When he tried to count out two minutes as a check, it took him five minutes to reach what he counted as 120 seconds. Time wasn't just slipping. It was warping.
Weeks passed. Then months. The darkness pressed in.
Early on, mice had been a nuisance — scratching and scurrying in the night. He trapped them, annoyed. But five months in, starving for any living presence, he heard a new mouse in his tent and nearly wept with joy. He tried to befriend it. Left it jam. Spoke to it.
Then, trying to catch it gently, he killed it by accident.
The grief that followed was total.
"I am living through the nadir of my life," he wrote in his diary. "I am wasting my life in this stupid research."
His record player had broken. Mildew had consumed his books. His memory was deteriorating — he could barely recall what he had done two days before. Every day blurred into the same endless, lightless tunnel.

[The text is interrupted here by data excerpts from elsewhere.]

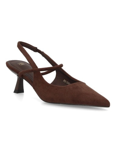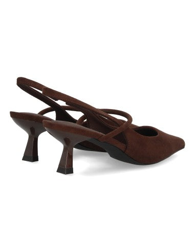 Zapato destalonado con tacón bajo, punta fina y tira cruzada. Estampado liso.
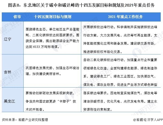 結(jié)合區(qū)域發(fā)展特性,東北地區(qū)各省十四五規(guī)劃目標和2021年重點工作任務中主要以發(fā)展能源替代和建設綠色工業(yè)園區(qū)為主。
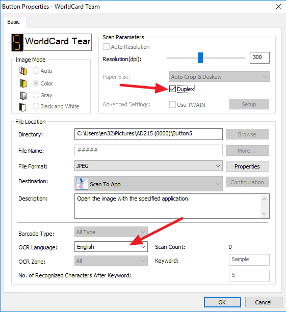 whether you want to scan single-sided or double-sided business cards, and choose
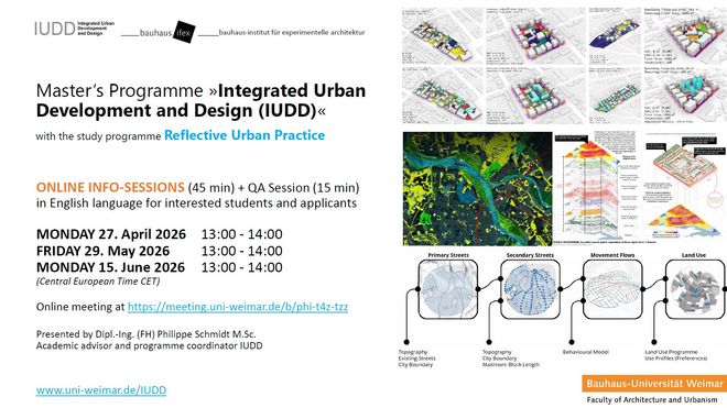 The application deadline for the study Programme »Reflective Urban Practice« (M.Sc.) in the study course »Integrated Urban Development and Design« for applicants having the citizenship status of European Union including Switzerland is until June 25 on the Application Platform https://campusportal.uni-weimar.de. Semester starts on October 1st.
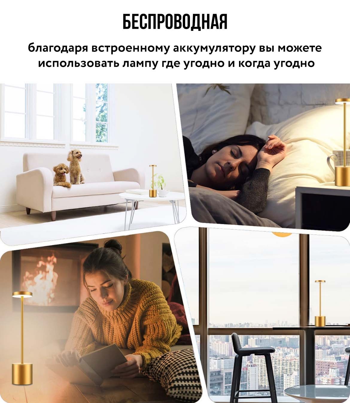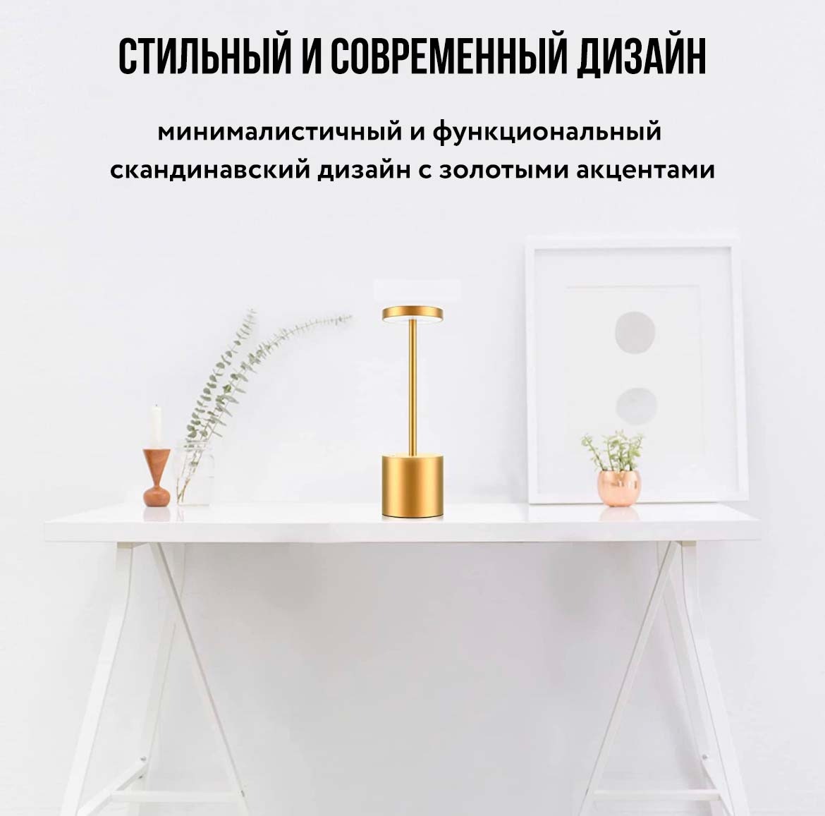 Минималистичная настольная лампа эффектно подсветит ваше пространство. Благодаря встроенному аккумулятору, вы можете разместить лампу в любом месте: в спальне, кабинете, офисе, гостинной, столовой, кафе, гостиничных номерах и т.д.
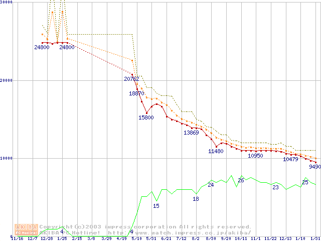 DiamondMax Plus 9 (7200rpm,8MB,SerialATA/150,FDB)の最安値推移
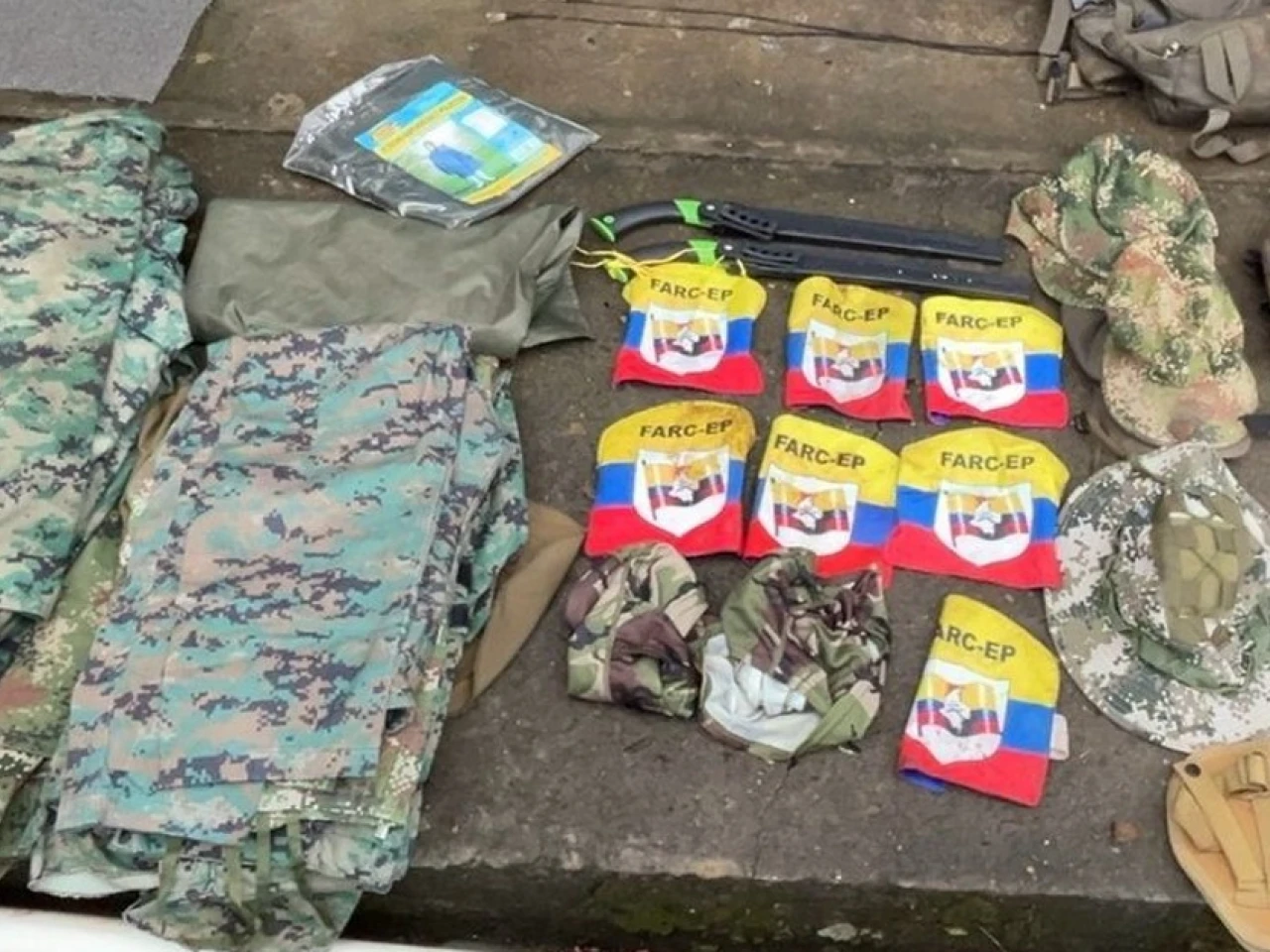 Después de asegurar el área, se registró el lugar. Se encontró: 3 fusiles de asalto Spikes Tactical Apopka calibre 5.56 mm; 1 carabina Mossberg calibre 12 mm; 1 pistola Pietro Beretta calibre 9 mm; 3 artefactos explosivos improvisados (AEI); 6 uniformes militares completos; 7 parches tricolor con siglas FARC EP; 1 radio Motorola; 3 teléfonos celulares, entre otros artefactos.

He thought about quitting.
He didn't.
On September 5, 1972, his team called him on the telephone. The experiment was over.
Siffre's response: "You're joking."
He thought it was mid-August. In his mind, he still had weeks to go. Nearly three weeks of his life had simply vanished — not forgotten, but never recorded by his brain in the first place.
He climbed out of the earth $100,000 in debt, physically depleted, and psychologically shaken in ways that took years to fully understand.
But what he carried out of that cave changed science.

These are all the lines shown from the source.